What the exercise asks: Using the listing below, output only the lines from the one that contains "- White writing" through the one that contains "- Postanowiliśmy również", inclusive, exactly as given and without images.

Data shown:
+ + + + + + +
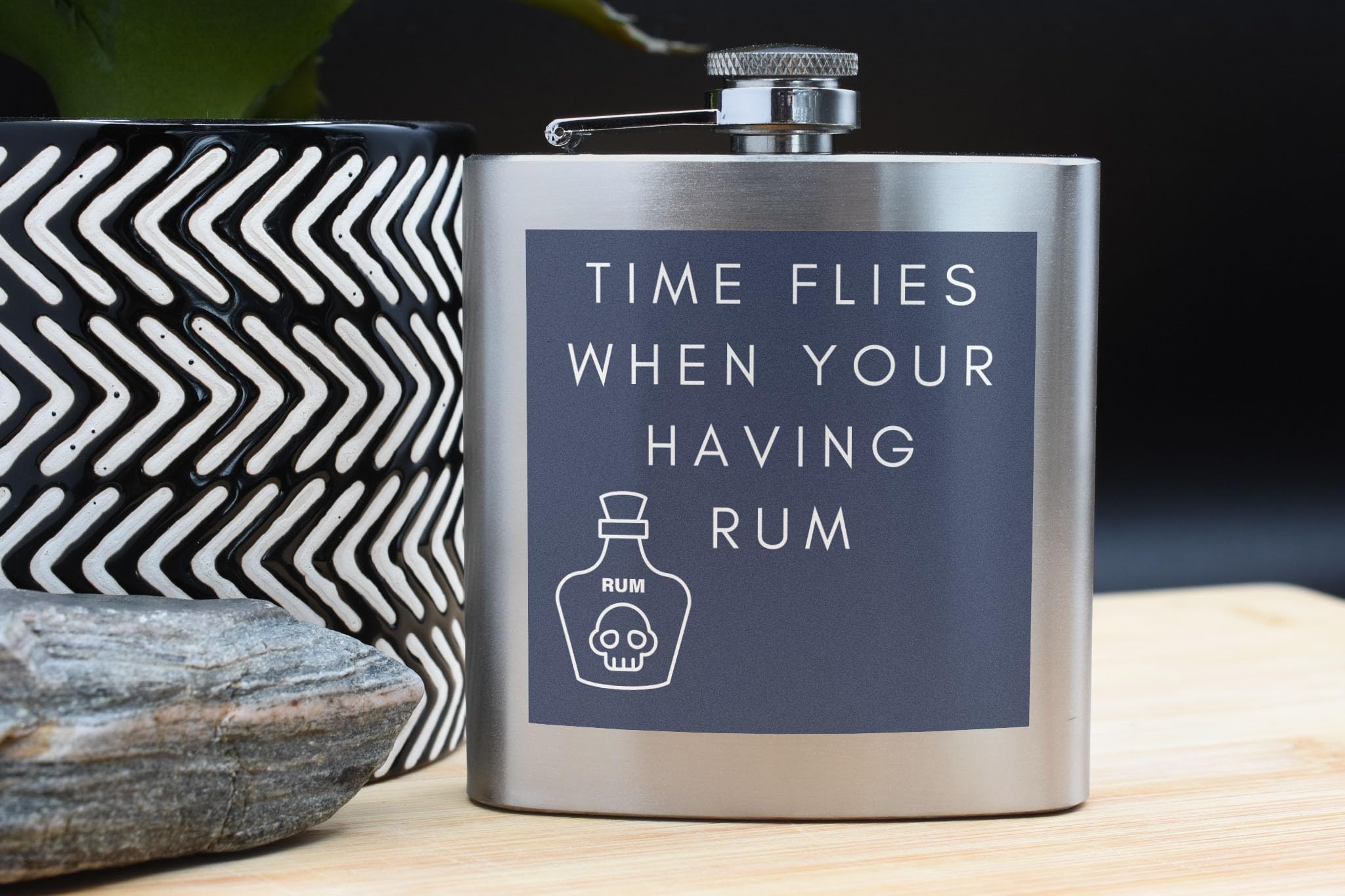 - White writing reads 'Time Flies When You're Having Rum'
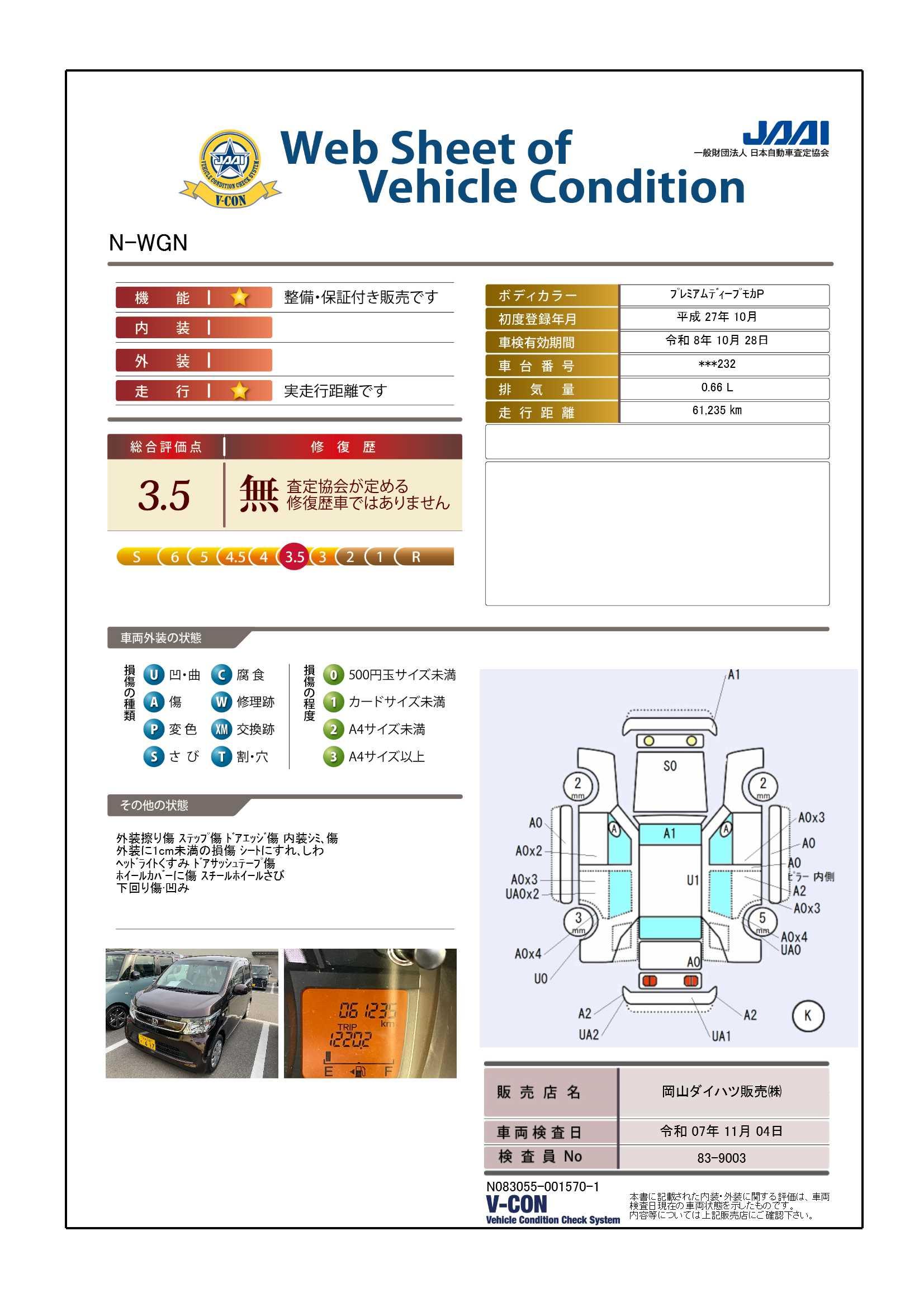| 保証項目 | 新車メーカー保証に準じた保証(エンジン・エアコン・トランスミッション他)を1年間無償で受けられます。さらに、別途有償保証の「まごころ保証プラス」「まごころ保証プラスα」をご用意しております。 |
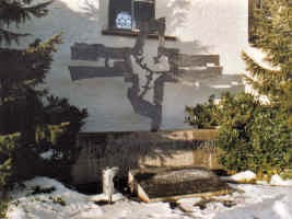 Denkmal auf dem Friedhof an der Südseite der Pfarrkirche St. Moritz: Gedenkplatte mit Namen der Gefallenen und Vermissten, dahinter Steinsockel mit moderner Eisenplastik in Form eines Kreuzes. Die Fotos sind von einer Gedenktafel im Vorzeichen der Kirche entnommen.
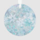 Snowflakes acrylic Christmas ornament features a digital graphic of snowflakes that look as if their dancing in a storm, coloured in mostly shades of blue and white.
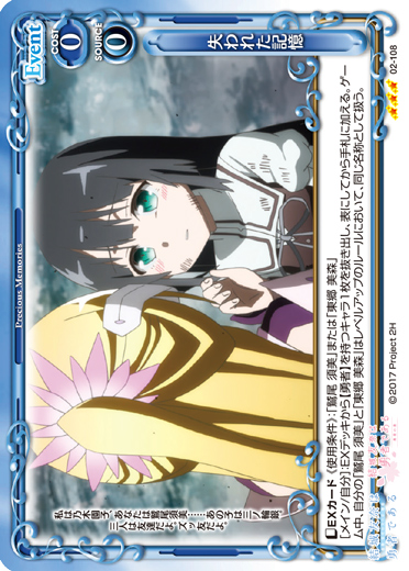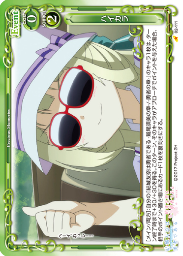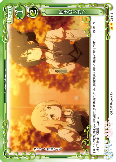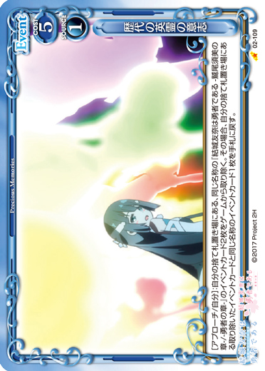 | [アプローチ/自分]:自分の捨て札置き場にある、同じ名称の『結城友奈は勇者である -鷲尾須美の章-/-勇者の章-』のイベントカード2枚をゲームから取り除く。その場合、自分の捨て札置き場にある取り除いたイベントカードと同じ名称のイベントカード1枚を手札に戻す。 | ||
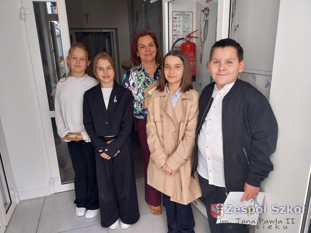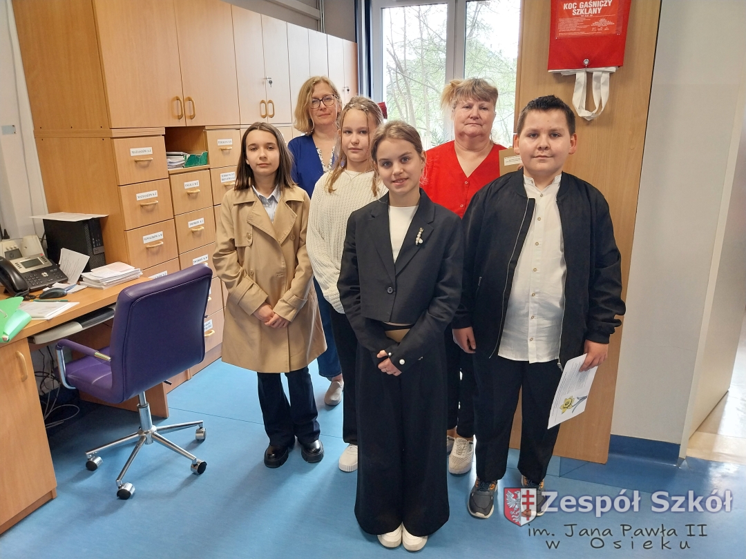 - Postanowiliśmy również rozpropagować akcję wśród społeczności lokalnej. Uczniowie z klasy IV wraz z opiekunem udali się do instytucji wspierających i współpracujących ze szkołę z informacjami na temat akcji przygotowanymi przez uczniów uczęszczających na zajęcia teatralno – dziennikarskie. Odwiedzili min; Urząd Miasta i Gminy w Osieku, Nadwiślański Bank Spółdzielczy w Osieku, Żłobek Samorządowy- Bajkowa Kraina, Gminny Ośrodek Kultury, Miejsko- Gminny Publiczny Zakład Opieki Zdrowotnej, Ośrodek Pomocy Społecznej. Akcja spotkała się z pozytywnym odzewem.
+ + + + + + +
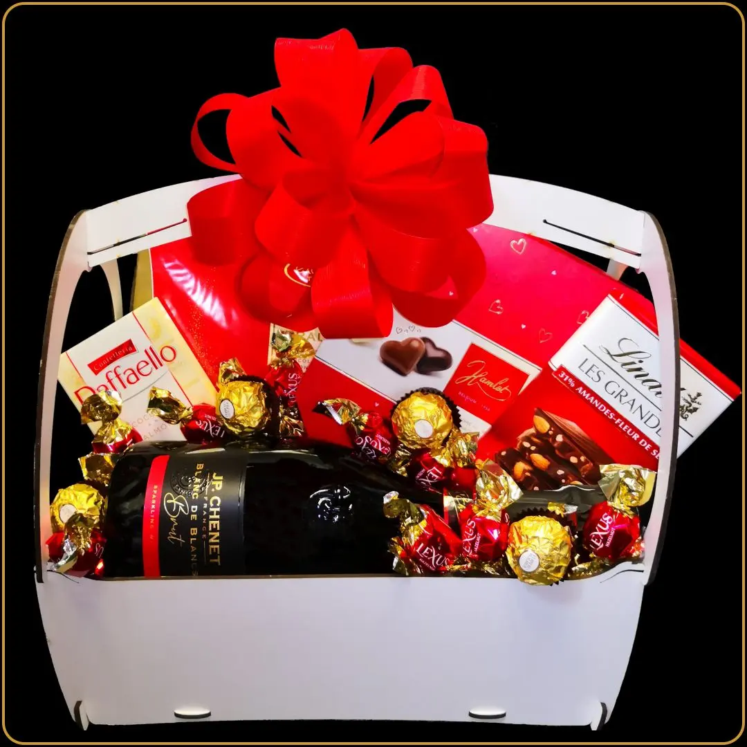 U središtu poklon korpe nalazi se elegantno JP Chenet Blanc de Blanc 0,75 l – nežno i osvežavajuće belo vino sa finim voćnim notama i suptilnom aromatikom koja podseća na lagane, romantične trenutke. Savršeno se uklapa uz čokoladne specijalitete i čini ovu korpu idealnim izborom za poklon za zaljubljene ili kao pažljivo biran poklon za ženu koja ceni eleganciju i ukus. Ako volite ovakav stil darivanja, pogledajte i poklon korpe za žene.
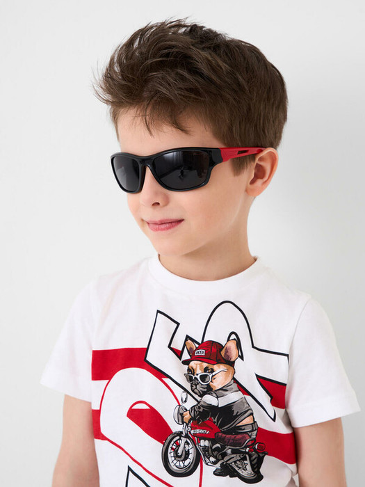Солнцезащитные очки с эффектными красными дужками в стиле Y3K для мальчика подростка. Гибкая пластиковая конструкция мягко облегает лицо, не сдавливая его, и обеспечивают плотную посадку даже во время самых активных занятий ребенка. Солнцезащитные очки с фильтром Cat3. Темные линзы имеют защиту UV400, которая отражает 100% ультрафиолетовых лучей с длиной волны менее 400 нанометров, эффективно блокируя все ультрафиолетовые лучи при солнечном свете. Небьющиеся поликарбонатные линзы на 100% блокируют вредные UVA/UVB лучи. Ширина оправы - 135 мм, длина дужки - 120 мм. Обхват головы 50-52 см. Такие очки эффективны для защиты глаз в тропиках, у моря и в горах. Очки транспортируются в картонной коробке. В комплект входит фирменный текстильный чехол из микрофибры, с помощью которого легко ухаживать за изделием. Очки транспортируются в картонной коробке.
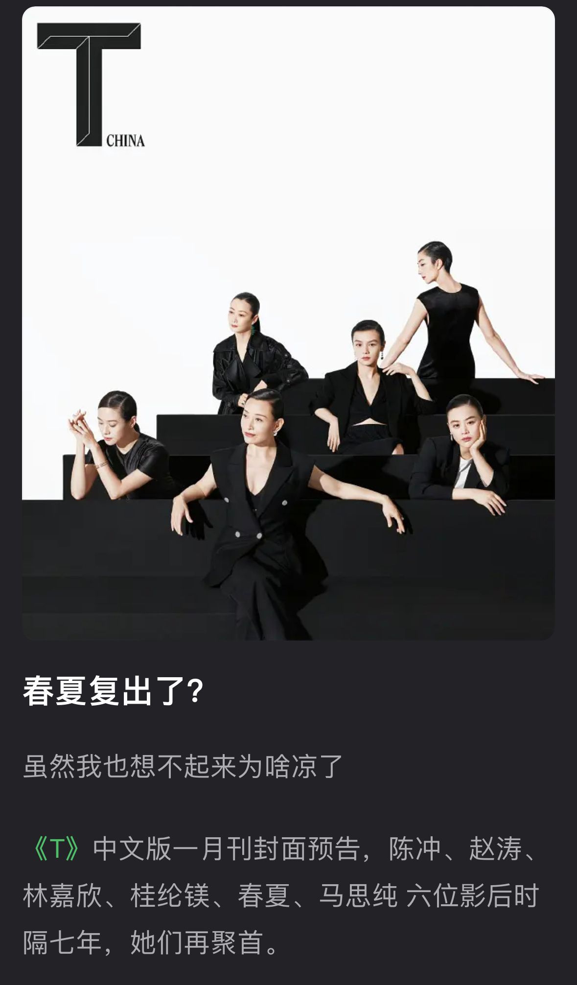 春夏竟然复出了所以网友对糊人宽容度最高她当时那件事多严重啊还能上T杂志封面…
+ + + + + + +
Task solution:
 - White writing reads 'Time Flies When You're Having Rum'
| 保証項目 | 新車メーカー保証に準じた保証(エンジン・エアコン・トランスミッション他)を1年間無償で受けられます。さらに、別途有償保証の「まごころ保証プラス」「まごころ保証プラスα」をご用意しております。 |
 Denkmal auf dem Friedhof an der Südseite der Pfarrkirche St. Moritz: Gedenkplatte mit Namen der Gefallenen und Vermissten, dahinter Steinsockel mit moderner Eisenplastik in Form eines Kreuzes. Die Fotos sind von einer Gedenktafel im Vorzeichen der Kirche entnommen.
 Snowflakes acrylic Christmas ornament features a digital graphic of snowflakes that look as if their dancing in a storm, coloured in mostly shades of blue and white.
 | [アプローチ/自分]:自分の捨て札置き場にある、同じ名称の『結城友奈は勇者である -鷲尾須美の章-/-勇者の章-』のイベントカード2枚をゲームから取り除く。その場合、自分の捨て札置き場にある取り除いたイベントカードと同じ名称のイベントカード1枚を手札に戻す。 | ||
 - Postanowiliśmy również rozpropagować akcję wśród społeczności lokalnej. Uczniowie z klasy IV wraz z opiekunem udali się do instytucji wspierających i współpracujących ze szkołę z informacjami na temat akcji przygotowanymi przez uczniów uczęszczających na zajęcia teatralno – dziennikarskie. Odwiedzili min; Urząd Miasta i Gminy w Osieku, Nadwiślański Bank Spółdzielczy w Osieku, Żłobek Samorządowy- Bajkowa Kraina, Gminny Ośrodek Kultury, Miejsko- Gminny Publiczny Zakład Opieki Zdrowotnej, Ośrodek Pomocy Społecznej. Akcja spotkała się z pozytywnym odzewem.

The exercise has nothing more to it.